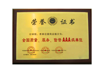 诚信3A企业证书
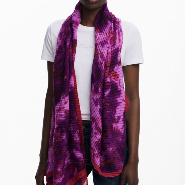 This Desigual scarf isn’t just another accessory – it’s a statement piece. Whether you’re heading to the office, enjoying a casual weekend stroll, or dressing up for an evening out, it adds a pop of color and sophistication to your look. Its floral print offers a feminine touch, while the deep purple makes it versatile enough to pair with coats, jackets, or sweaters.
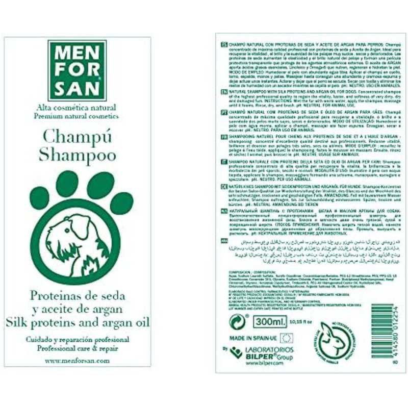 Champú para perros con argán y proteínas, cuidado y reparación capilar para mascotas.Menforsan Champu Aceite De Argan Y Proteinas 300Ml.
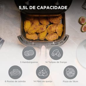 Capacidade Widemax 5,5L: Ideal para preparar refeições completas para toda a família, otimizando seu tempo na cozinha.
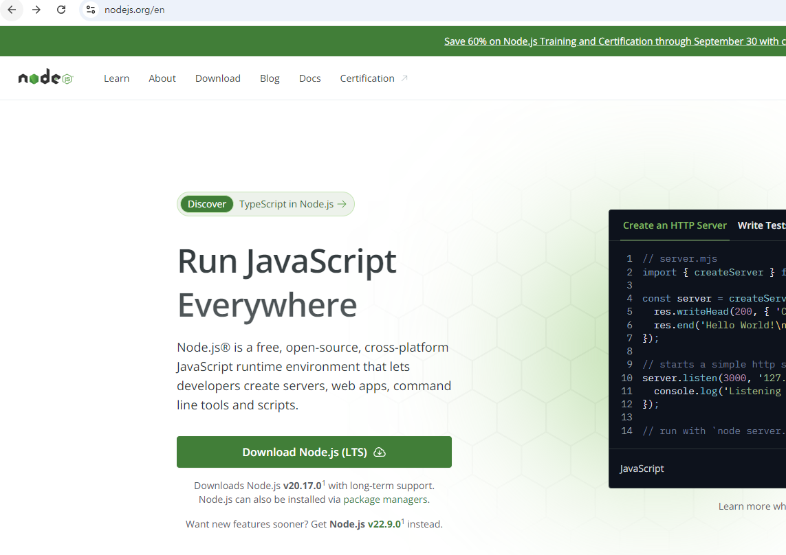 • node 설치 된 경로에 파일들이 위치하고 있어야 node server.js 실행이 가능
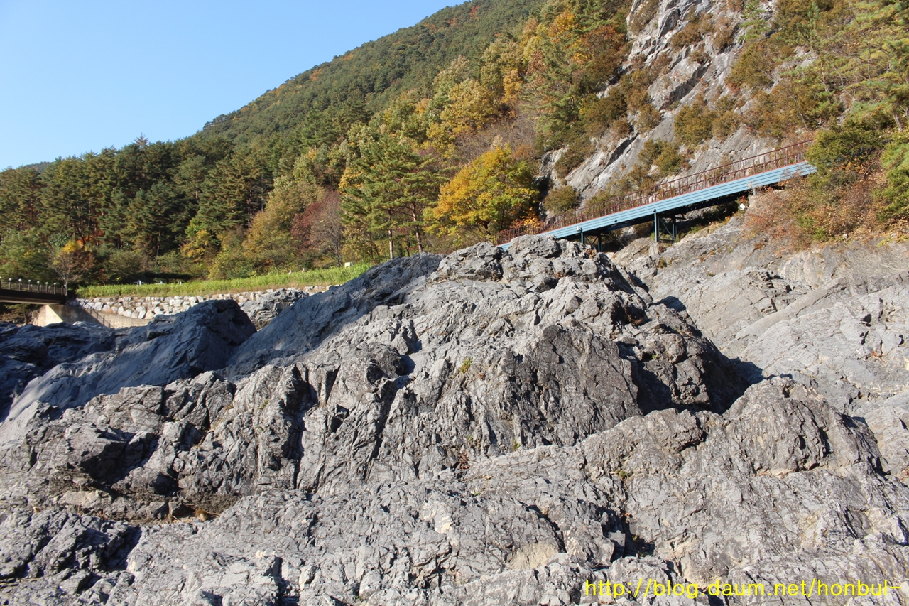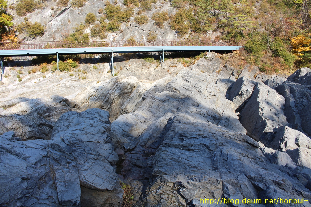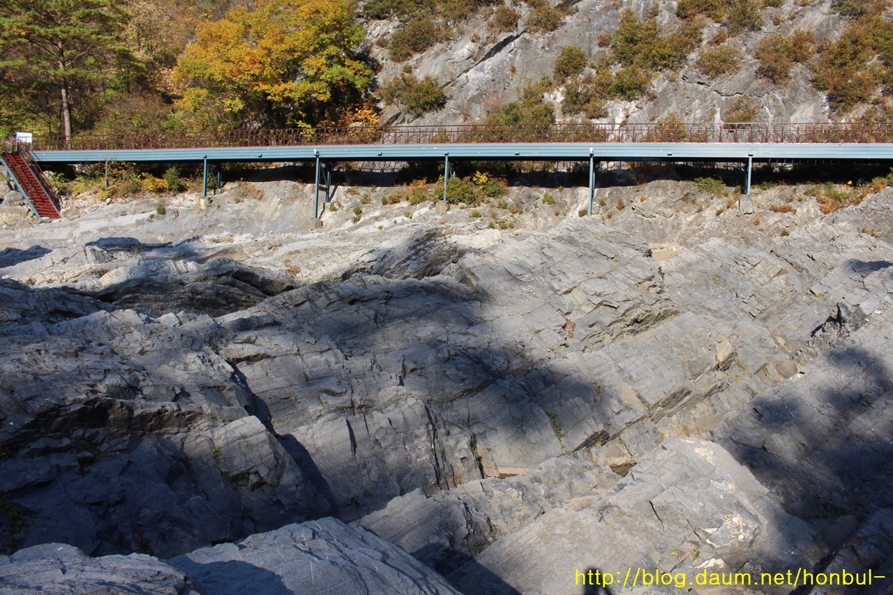 구문소의 석회암 층이 사선으로 기운 걸 볼 수 있다.
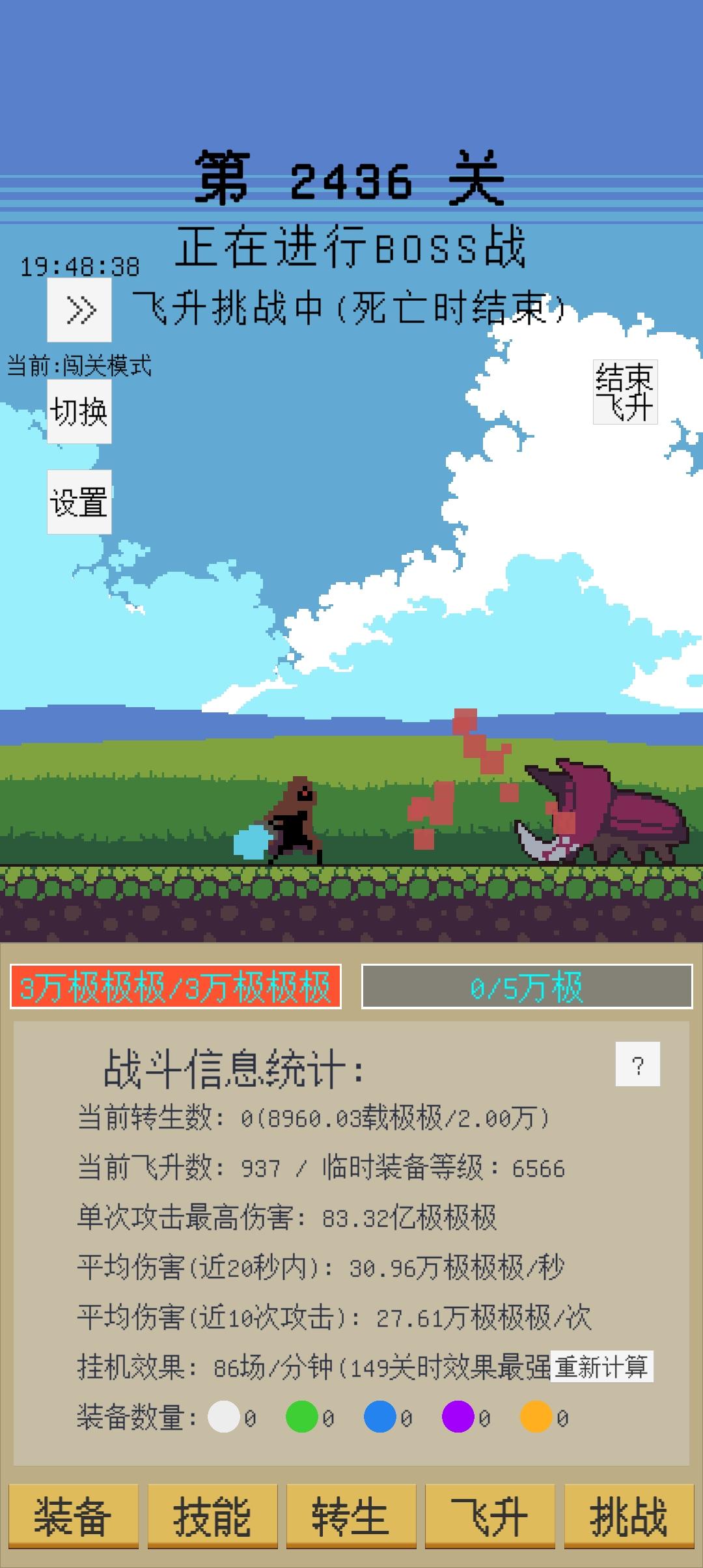 0转时,装备找暴击词条,暴击1000次解锁技能组成--防御力加成+首爆增伤+首伤必爆;然后装备换成找爆伤词条(装备基础数值不重要,熔炼给的三维才是大头),这样打小怪一刀杀,boss打不赢也没事三维提上去会过的。在线挂效率高,想离线的话就打到效果最强关再退。几个小时后就达到转生条件了(立刻转生溢出没好处)转生后升装备掉落加成解锁紫装。 1转时,前期技能兔子+首爆增伤+首伤必爆 快速过图,装备方面还
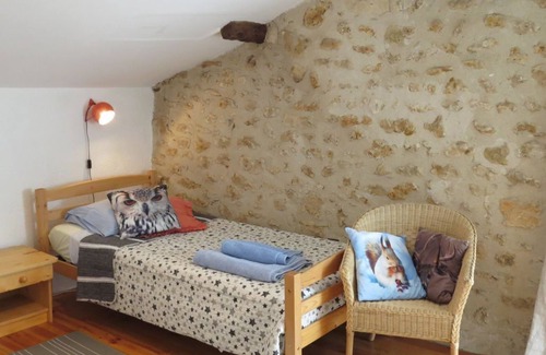 La granja restaurada con cariño ofrece un excelente alojamiento familiar. Martrieux tiene 4 dormitorios, 3 baños y un hermoso jardín secreto con parrilla. 10 acres de jardines, bosques, prados para explorar en el Parque Nacional Perigord Vert. La tranquila aldea de Nadaillac se encuentra en un valle fluvial entre La Rochebeaucourt (5 km) y Villebois (8 km) cerca de Angouleme y Perigueux. Una impresionante posición rural con paseos directamente desde la puerta pero todas las comodidades cerca.
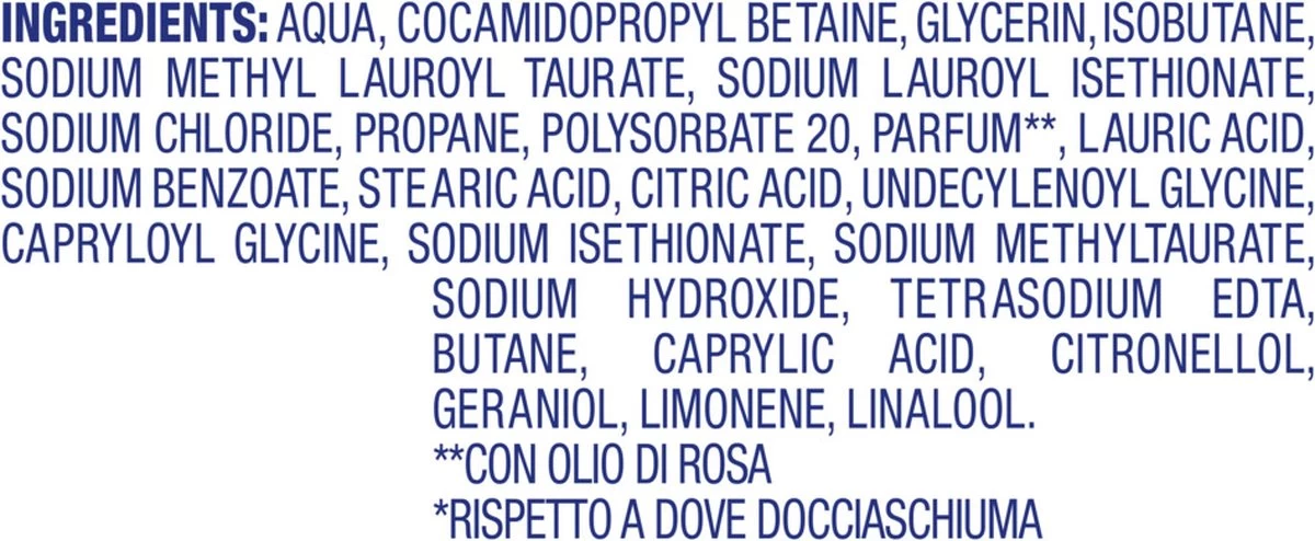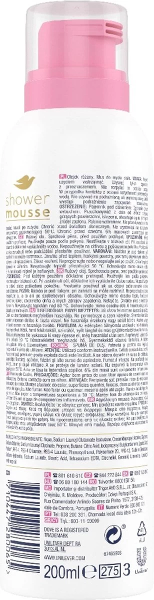 Hoe gebruik je het? Dove Rose Oil Shower Mousse is geschikt om mee te douchen en te scheren. Goed schudden voor gebruik. Spuit dan een ruime hoeveelheid mousse op je hand en verdeel het over je lichaam. De mousse spoelt makkelijk af en geeft de huid een schoon en zacht gevoel. Geniet vooral van dit heerlijke verwenmoment!
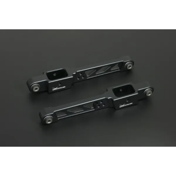 Hardrace redesigned the control arms with improved construction and materials. Made of CNC machined aluminum alloy instead of stamped steel, these arms offer superior strength, durability and yet remain lightweight. The equipped high quality harden rubber bushings also provide greater handling response over the factory components.
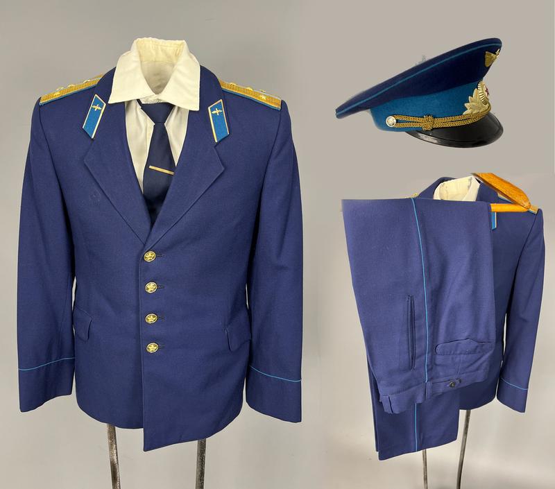 Форма випускника КВВПАУ. м. Курган, Ексклюзив пошита в Ательє м. Курган при першому отриманні лейтенанстьких погонів. Ця людина залишила військову службу, стала бізнесменом та була обрана депутатом Верховної ради України Всі речі в оригіналі в хорошому стані. Є невеликі сліди використання на сорочці розмір М Заміри піджака: плечі 43 см, рукав - 65 см, півохват грудей - 51 см, Півохват талії 46 см ширина знизу - 49 см довжина по спині - 73 см Заміри сорочки плечі 42 см, Півохват грудей - 49 см, рукав - 62 см, довжина - 66 см, Заміри брюк Пояс - 39 см, Півохват бедер - 50 см, кроковий шов - 76 см, ширина штанини знизу - 23 см, довжина 102 см, Заміри пояса довжина - 80 см, ширина 4.5 см. Фуражка - розмір 54 см, плечі - 45 см півохват грудей - 60 см рукав - 61 см півохват ширини знизу ~ 65 см довжина - 82 см
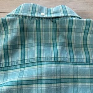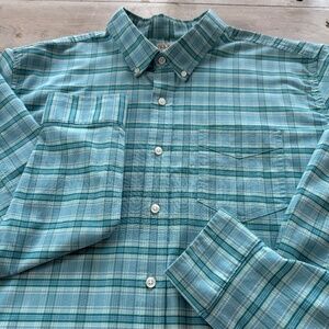 LL Bean Blue and Mint Plaid L/S Comfort Stretch Oxford Button Down Shirt 510031 Men's Size XLT
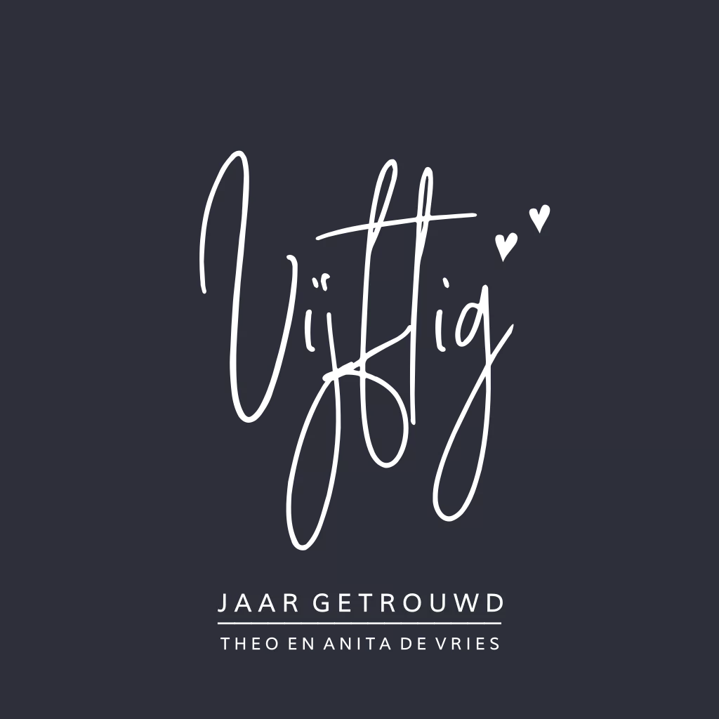 Prachtige enkele donkerblauwe 50 jaar huwelijksjubileum kaart met écht goudfolie. Alles staat los en is zelf te bewerken.
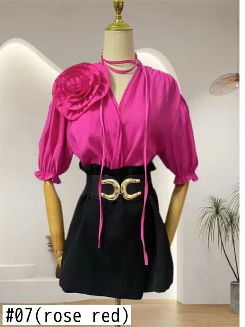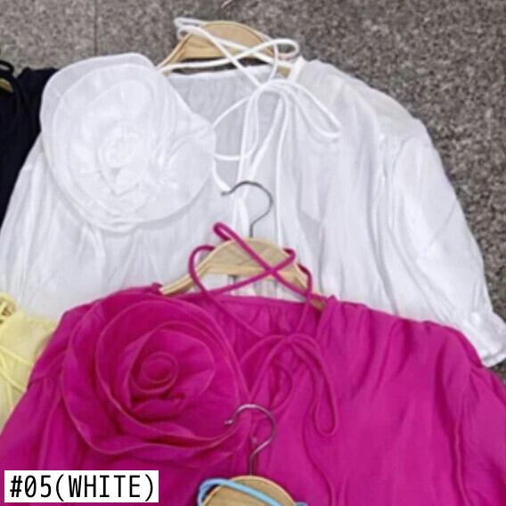 Nomikuma 2024 夏シック 3D フラワースプライシングパフスリーブ半袖シャツスタイル V ネックレディーストップス ショート ハーフスリーブ サマー 夏物 Vネック フラワーデザイン
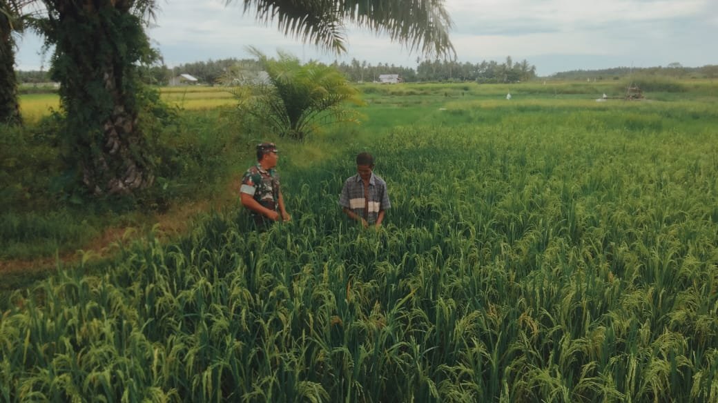 Aceh Jaya – Babinsa Koramil 0114-06/Teunom Koptu Sugianto bersama bapak Muhammad Nur mengecek tanaman padi miliknya yang berada di Desa Paya Baro Kecamatan Teunom, Kabupaten Aceh Jaya, Kamis (27/02/2025).
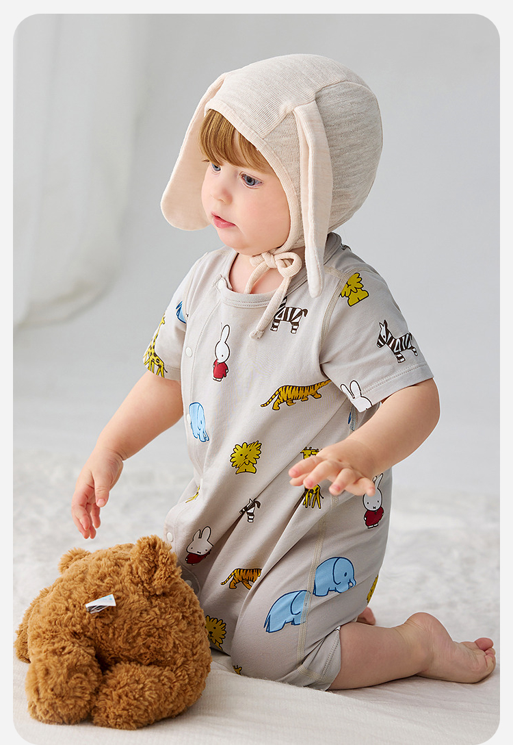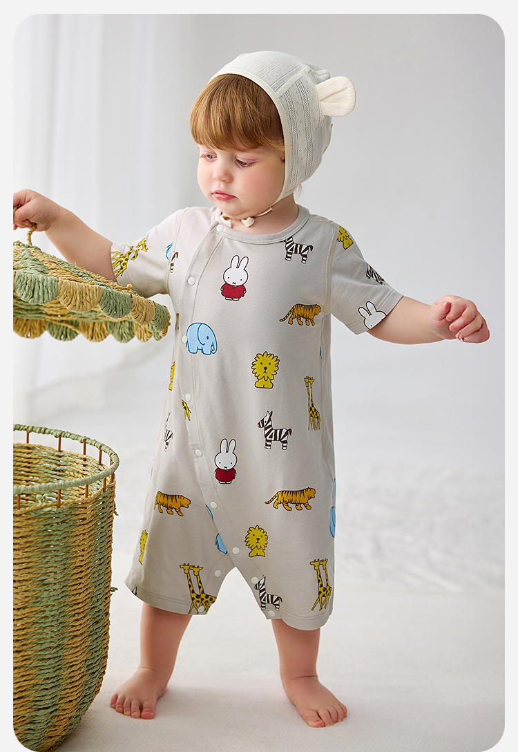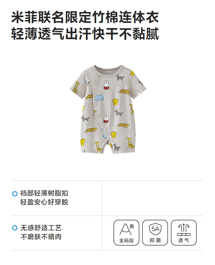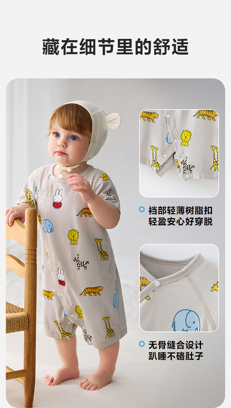 迷你巴拉巴拉婴儿连体衣夏季柔软亲肤竹棉抑菌凉透气宝宝居家爬服
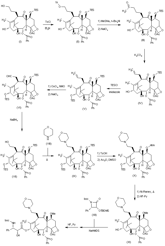 Tosylation of the primary hydroxyl group of (I) affords tosylate (II), which is then subjected to reaction with MeSNa and tetrabutylammonium iodide (n-Bu4NI) in THF followed by oxidation with NaIO4 in MeOH/H2O to provide sulfoxide (III). Derivative (III) is then heated with K2CO3 in 1,2-dichlorobenzene to yield olefin (IV), which is subjected to reaction with triethylsilyl chloride (TESCl) and imidazole in DMF to give the disilylated compound (V). Derivative (V) is then subjected to a Johnson-Remeiux reaction by first treatment with OsO4 and NMO in MeOH/THF/H2O followed by oxidation with NaIO4 in MeOH/THF/H2O to afford aldehyde (VI), which is then reduced by means of NaBH4 in MeOH to furnish alcohol (VII). Reaction between (VII) and morpholine (VIII) in refluxing MeOH affords baccatin III derivative (IX) (1), which is treated with TsOH in MeOH and then with acetic anhydride and DMSO to yield compound (X). Desulfurylation of (X) by refluxing with Raney-Ni in EtOH followed by removal of the TES protecting group by reaction with HF-pyridine affords intermediate (XI), which is finally converted into the desired compound by introduction of the phenylisoserine side-chain using protected beta-lactam (XII) and NaHMDS in THF followed by TBS removal by treatment with HF-pyridine.
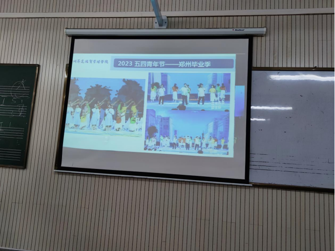 首先,郭亚琼老师以照片和视频的形式介绍了近年来我学院员工参加校外艺术活动的情况,例如:2022年河南电视台春晚、出彩河南人、五四青年节毕业季等有一定影响的校外艺术活动。
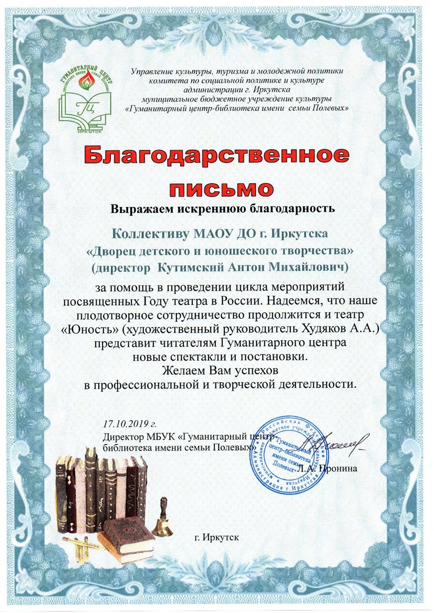 Коллектив библиотеки и зрители, поблагодарили театр "Юность" и пригласили в гости с новыми спектаклями!
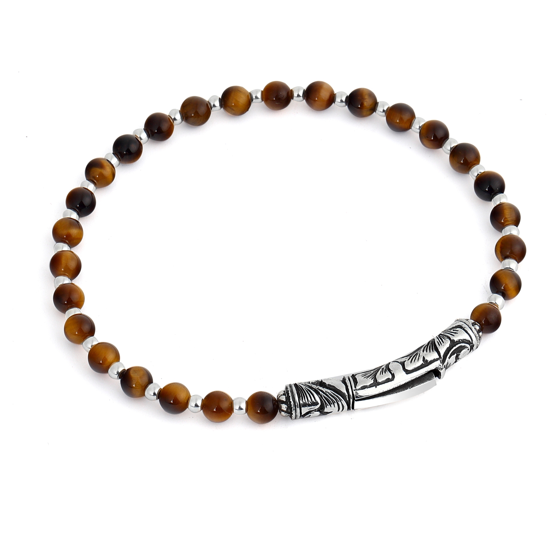 925 ayar gümüş, el oyması kalem işçilikli, 4mm kaplan gözü taşlı bileklik

▸ **ABOUT THIS EXERCISE**
From the records above, give again only the part that opens with the line containing "Nomikuma 2024 夏シック" and closes with the line containing "迷你巴拉巴拉婴儿连体衣夏季柔软亲肤竹棉抑菌凉透气宝宝居家爬服". Keep both ends but drop the pictures.

▸ **ANSWER BOX**
 Nomikuma 2024 夏シック 3D フラワースプライシングパフスリーブ半袖シャツスタイル V ネックレディーストップス ショート ハーフスリーブ サマー 夏物 Vネック フラワーデザイン
 Aceh Jaya – Babinsa Koramil 0114-06/Teunom Koptu Sugianto bersama bapak Muhammad Nur mengecek tanaman padi miliknya yang berada di Desa Paya Baro Kecamatan Teunom, Kabupaten Aceh Jaya, Kamis (27/02/2025).
 迷你巴拉巴拉婴儿连体衣夏季柔软亲肤竹棉抑菌凉透气宝宝居家爬服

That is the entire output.